PROBLEM STATEMENT: The answer must consist solely of the lines from the line with "Armchair Norodom, teak" to the end of the data below, transcribed exactly and with no pictures.
##### STORED DATA #####
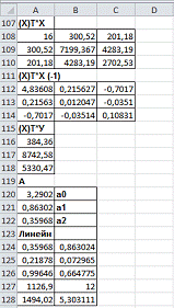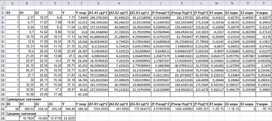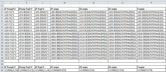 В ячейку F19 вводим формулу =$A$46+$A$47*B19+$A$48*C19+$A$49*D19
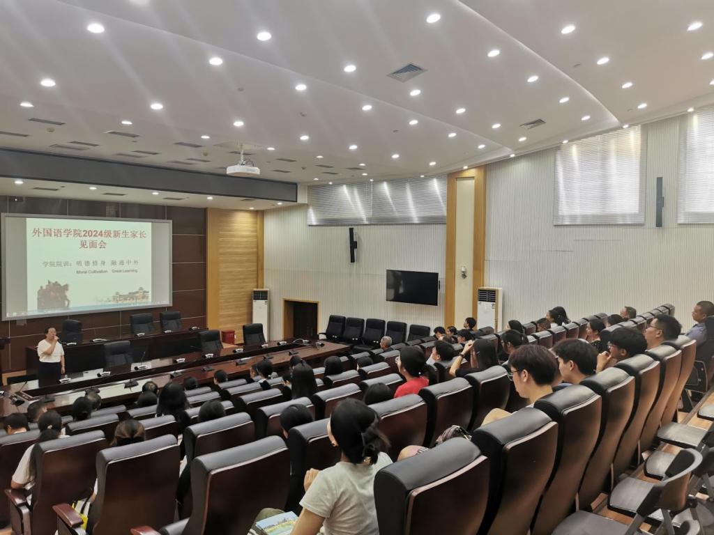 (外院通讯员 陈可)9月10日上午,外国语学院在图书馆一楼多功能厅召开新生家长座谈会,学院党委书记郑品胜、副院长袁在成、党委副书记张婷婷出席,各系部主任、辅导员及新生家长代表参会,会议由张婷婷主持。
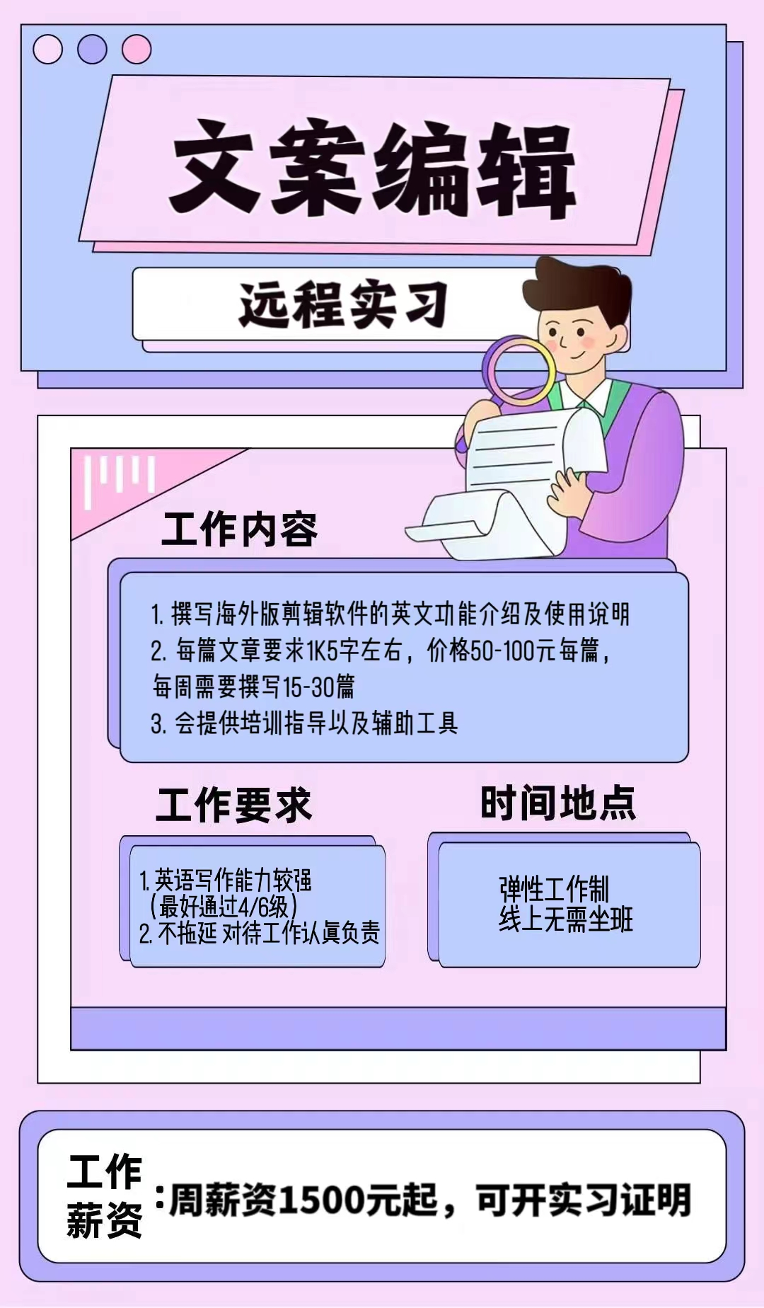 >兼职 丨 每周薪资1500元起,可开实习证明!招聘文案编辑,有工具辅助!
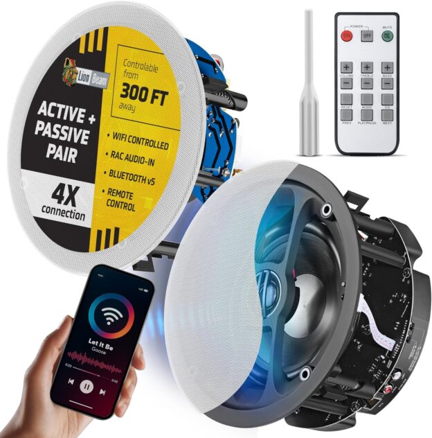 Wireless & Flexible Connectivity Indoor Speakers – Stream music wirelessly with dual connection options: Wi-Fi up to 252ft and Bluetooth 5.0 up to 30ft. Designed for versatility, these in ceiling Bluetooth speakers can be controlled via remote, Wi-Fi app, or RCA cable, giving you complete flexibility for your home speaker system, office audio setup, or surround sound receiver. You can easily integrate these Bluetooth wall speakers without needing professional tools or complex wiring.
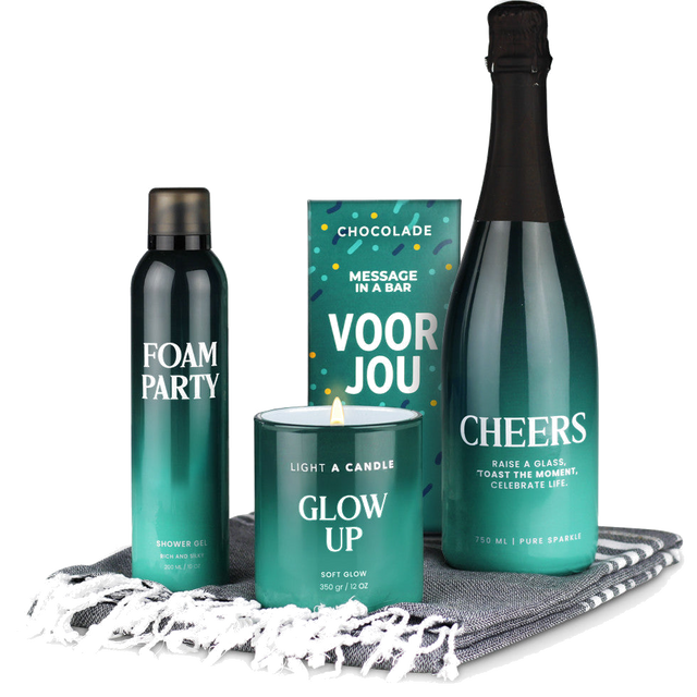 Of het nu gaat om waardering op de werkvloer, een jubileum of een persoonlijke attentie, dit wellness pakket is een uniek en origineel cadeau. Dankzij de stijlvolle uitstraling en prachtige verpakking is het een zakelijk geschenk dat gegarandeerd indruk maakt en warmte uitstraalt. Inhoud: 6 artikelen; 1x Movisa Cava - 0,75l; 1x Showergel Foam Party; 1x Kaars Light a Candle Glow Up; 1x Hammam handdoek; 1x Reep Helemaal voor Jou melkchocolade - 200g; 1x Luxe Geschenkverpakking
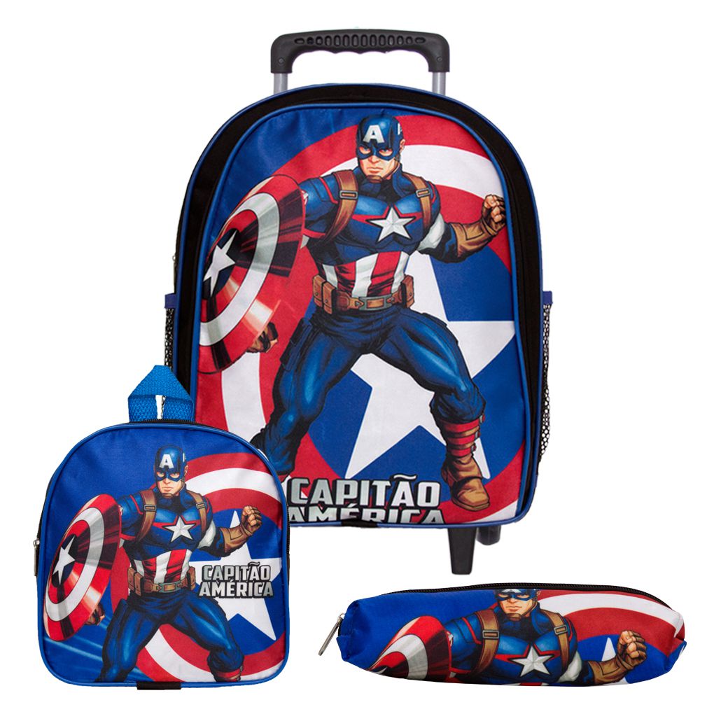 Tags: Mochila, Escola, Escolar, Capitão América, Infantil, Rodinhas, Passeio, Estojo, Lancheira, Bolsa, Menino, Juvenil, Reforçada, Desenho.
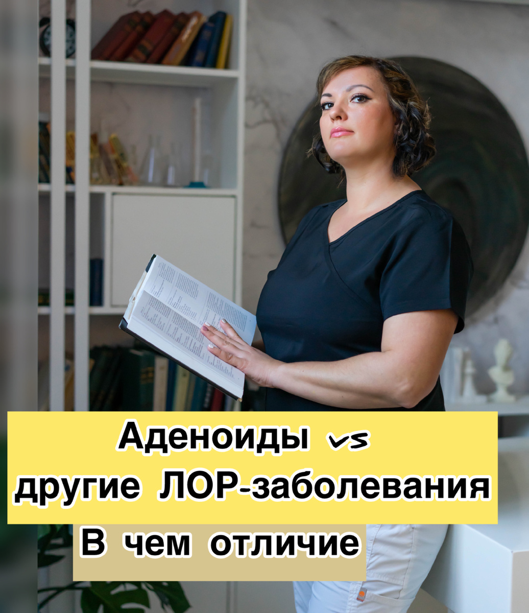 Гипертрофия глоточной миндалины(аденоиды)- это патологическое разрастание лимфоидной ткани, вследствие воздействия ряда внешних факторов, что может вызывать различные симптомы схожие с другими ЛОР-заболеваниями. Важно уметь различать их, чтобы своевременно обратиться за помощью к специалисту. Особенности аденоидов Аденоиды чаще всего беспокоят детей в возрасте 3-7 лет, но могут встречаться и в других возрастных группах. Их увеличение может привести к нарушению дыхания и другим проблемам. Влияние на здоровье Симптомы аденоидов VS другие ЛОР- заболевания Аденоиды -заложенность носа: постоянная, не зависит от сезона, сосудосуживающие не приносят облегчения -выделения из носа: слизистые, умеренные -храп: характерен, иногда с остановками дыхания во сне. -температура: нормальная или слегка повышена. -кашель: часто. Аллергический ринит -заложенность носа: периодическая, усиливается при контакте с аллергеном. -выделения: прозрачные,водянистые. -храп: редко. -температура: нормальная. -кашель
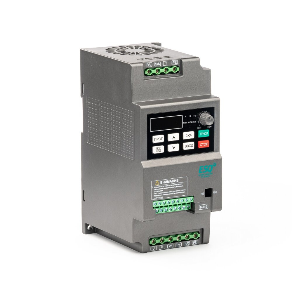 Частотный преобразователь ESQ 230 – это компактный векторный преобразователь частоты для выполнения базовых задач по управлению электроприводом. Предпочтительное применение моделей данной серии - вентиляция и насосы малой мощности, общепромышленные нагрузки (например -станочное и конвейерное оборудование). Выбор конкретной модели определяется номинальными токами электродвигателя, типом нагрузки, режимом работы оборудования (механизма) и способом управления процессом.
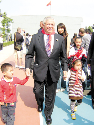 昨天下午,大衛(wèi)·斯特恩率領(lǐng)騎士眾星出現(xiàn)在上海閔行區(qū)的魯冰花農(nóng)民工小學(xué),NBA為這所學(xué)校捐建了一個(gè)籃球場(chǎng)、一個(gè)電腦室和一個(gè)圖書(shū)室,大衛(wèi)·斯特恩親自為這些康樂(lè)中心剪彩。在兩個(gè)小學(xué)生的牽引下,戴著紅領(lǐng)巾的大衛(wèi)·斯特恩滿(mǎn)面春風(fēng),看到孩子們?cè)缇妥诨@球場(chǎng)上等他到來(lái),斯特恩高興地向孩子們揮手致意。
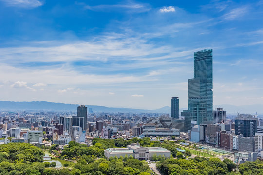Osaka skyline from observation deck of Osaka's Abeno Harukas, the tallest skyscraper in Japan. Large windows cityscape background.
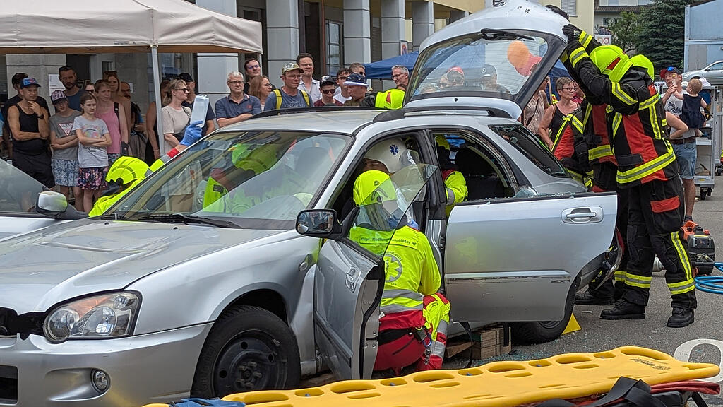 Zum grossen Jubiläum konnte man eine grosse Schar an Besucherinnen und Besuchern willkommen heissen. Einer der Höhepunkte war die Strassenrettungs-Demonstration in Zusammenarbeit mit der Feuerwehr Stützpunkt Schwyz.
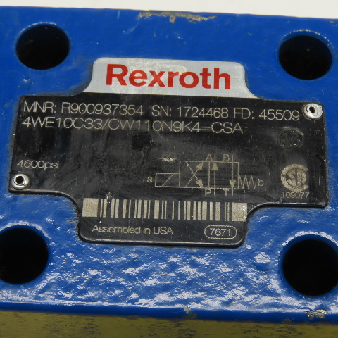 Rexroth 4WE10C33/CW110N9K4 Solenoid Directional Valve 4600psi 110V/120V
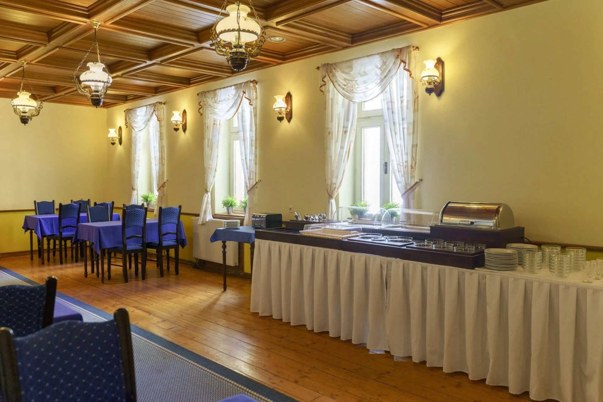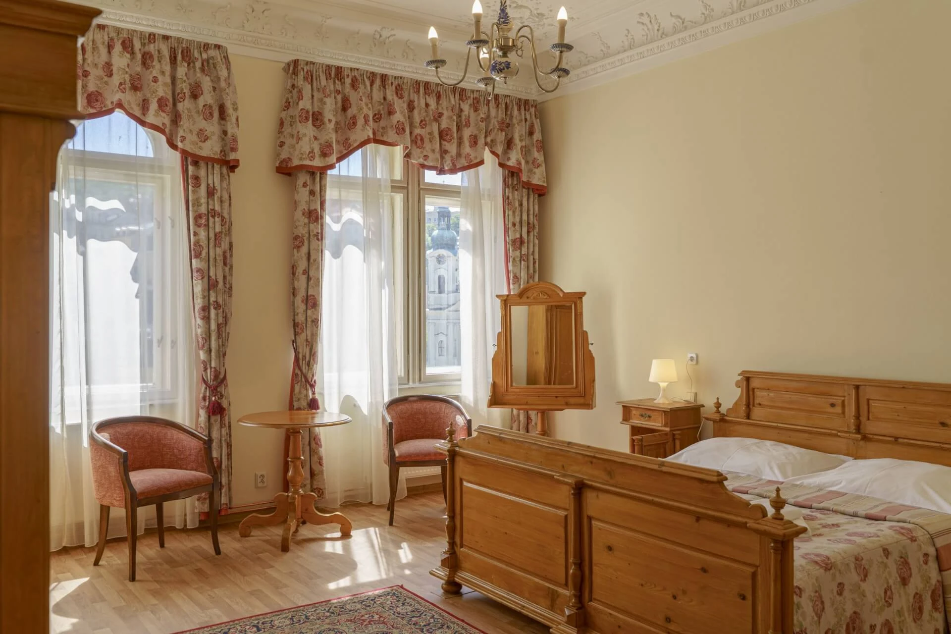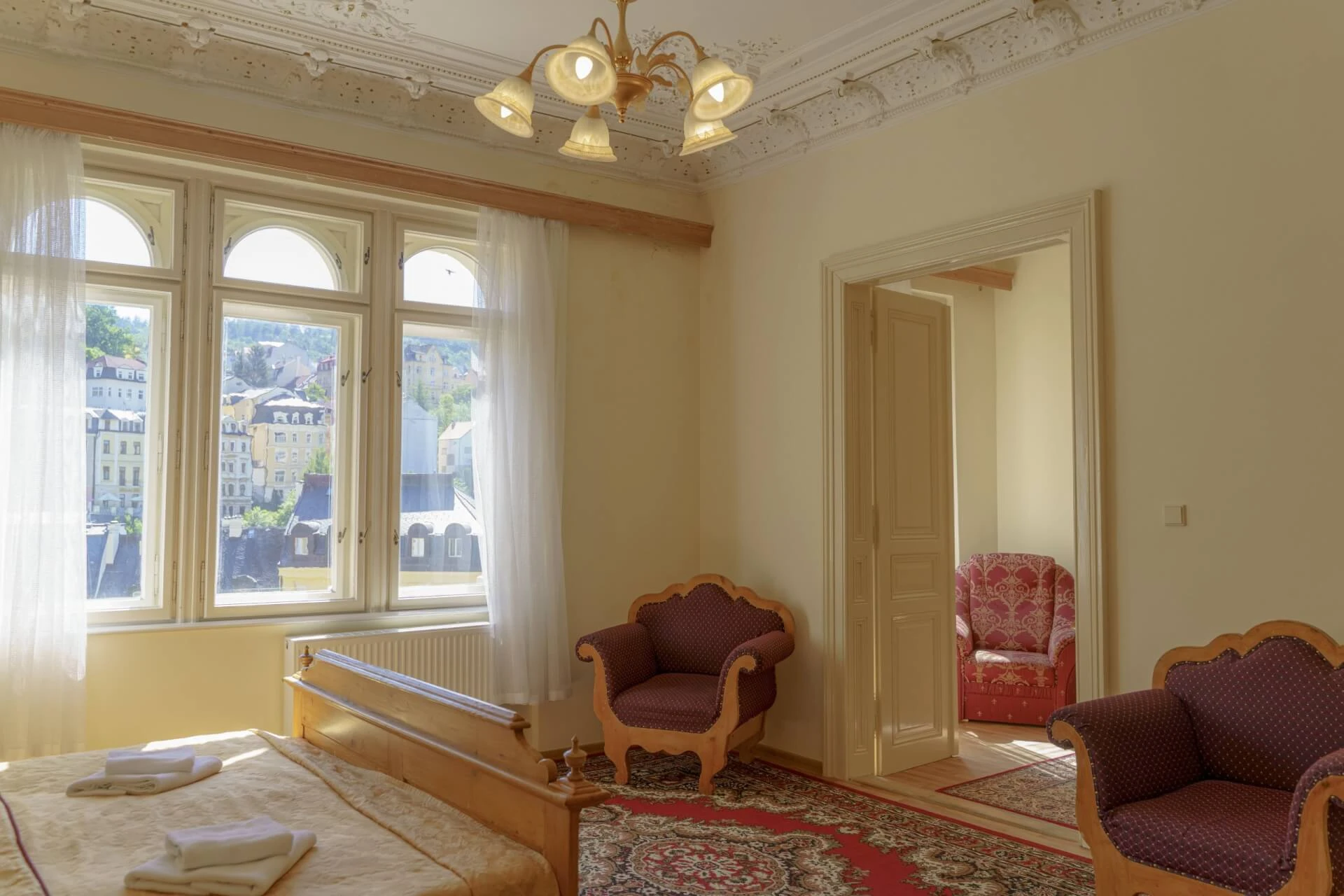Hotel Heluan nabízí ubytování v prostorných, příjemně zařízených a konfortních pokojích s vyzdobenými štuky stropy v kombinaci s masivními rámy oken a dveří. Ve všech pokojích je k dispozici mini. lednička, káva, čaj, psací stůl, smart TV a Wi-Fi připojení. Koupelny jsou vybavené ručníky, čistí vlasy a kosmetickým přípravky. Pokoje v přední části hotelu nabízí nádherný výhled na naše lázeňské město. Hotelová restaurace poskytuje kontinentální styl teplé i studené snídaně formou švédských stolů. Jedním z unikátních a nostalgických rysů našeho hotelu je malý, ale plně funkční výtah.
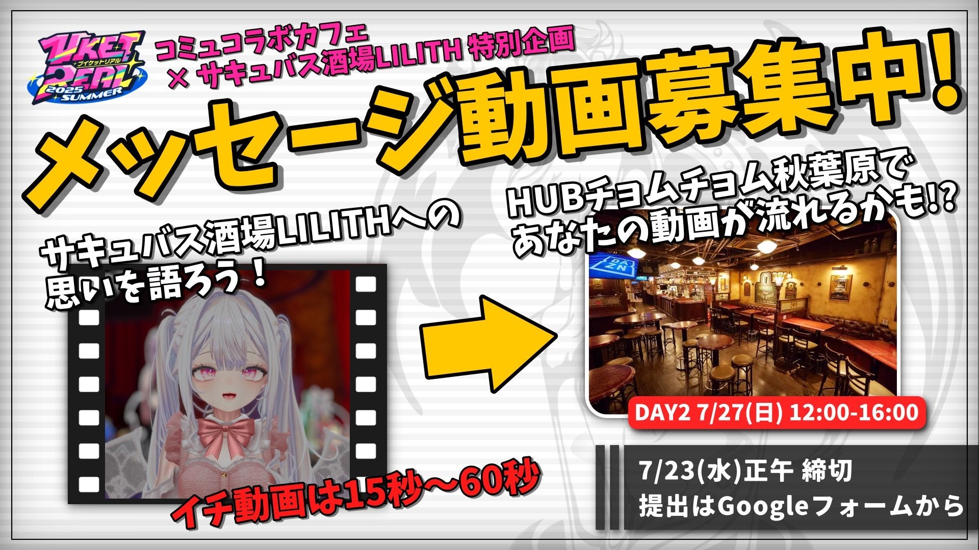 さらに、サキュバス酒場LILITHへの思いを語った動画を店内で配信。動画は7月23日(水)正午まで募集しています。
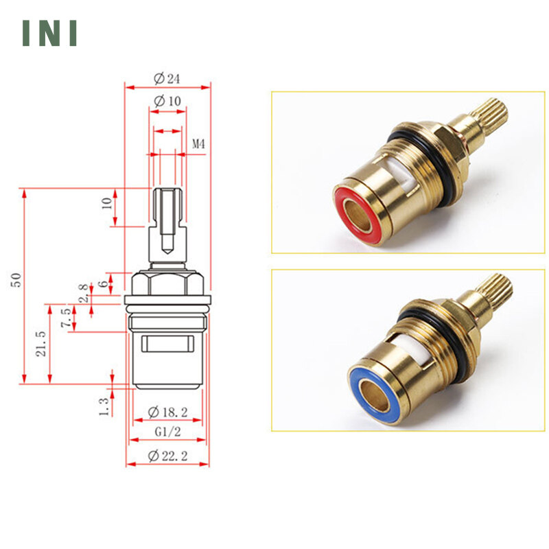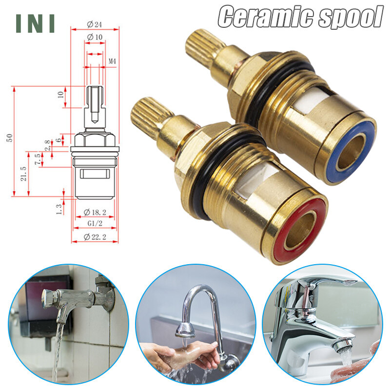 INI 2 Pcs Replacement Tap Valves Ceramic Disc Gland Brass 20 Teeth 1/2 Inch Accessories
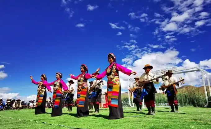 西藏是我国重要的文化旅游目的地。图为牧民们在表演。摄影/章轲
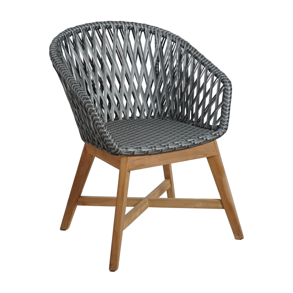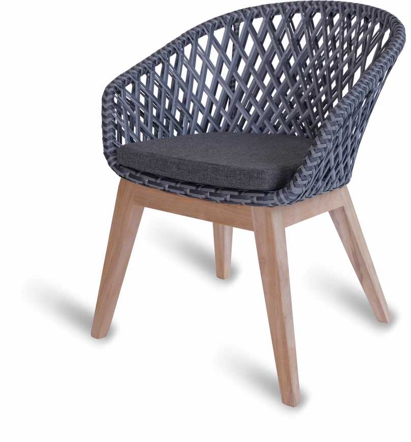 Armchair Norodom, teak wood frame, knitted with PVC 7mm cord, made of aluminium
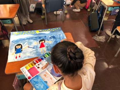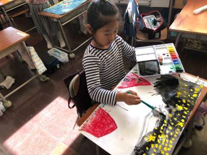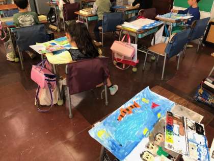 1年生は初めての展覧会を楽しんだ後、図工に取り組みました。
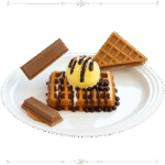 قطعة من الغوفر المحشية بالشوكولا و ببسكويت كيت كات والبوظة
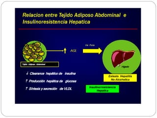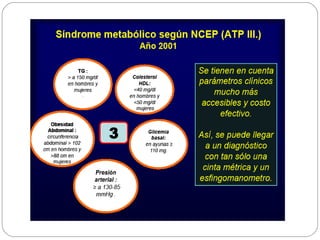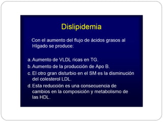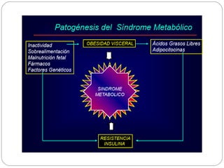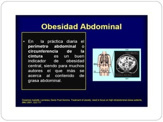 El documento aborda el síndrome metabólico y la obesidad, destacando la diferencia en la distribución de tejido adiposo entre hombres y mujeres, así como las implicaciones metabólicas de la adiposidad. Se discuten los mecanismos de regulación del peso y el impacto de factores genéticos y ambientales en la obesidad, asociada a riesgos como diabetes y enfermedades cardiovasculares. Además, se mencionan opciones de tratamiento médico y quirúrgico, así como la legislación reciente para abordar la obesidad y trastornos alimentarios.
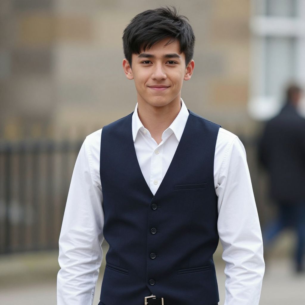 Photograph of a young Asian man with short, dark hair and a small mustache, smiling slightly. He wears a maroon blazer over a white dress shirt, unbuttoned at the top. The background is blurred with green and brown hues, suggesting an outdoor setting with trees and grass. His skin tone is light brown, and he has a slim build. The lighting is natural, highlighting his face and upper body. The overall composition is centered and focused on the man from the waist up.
#####
RESULT OF THE EXERCISE:
 Armchair Norodom, teak wood frame, knitted with PVC 7mm cord, made of aluminium
 1年生は初めての展覧会を楽しんだ後、図工に取り組みました。
 قطعة من الغوفر المحشية بالشوكولا و ببسكويت كيت كات والبوظة
 El documento aborda el síndrome metabólico y la obesidad, destacando la diferencia en la distribución de tejido adiposo entre hombres y mujeres, así como las implicaciones metabólicas de la adiposidad. Se discuten los mecanismos de regulación del peso y el impacto de factores genéticos y ambientales en la obesidad, asociada a riesgos como diabetes y enfermedades cardiovasculares. Además, se mencionan opciones de tratamiento médico y quirúrgico, así como la legislación reciente para abordar la obesidad y trastornos alimentarios.
 Photograph of a young Asian man with short, dark hair and a small mustache, smiling slightly. He wears a maroon blazer over a white dress shirt, unbuttoned at the top. The background is blurred with green and brown hues, suggesting an outdoor setting with trees and grass. His skin tone is light brown, and he has a slim build. The lighting is natural, highlighting his face and upper body. The overall composition is centered and focused on the man from the waist up.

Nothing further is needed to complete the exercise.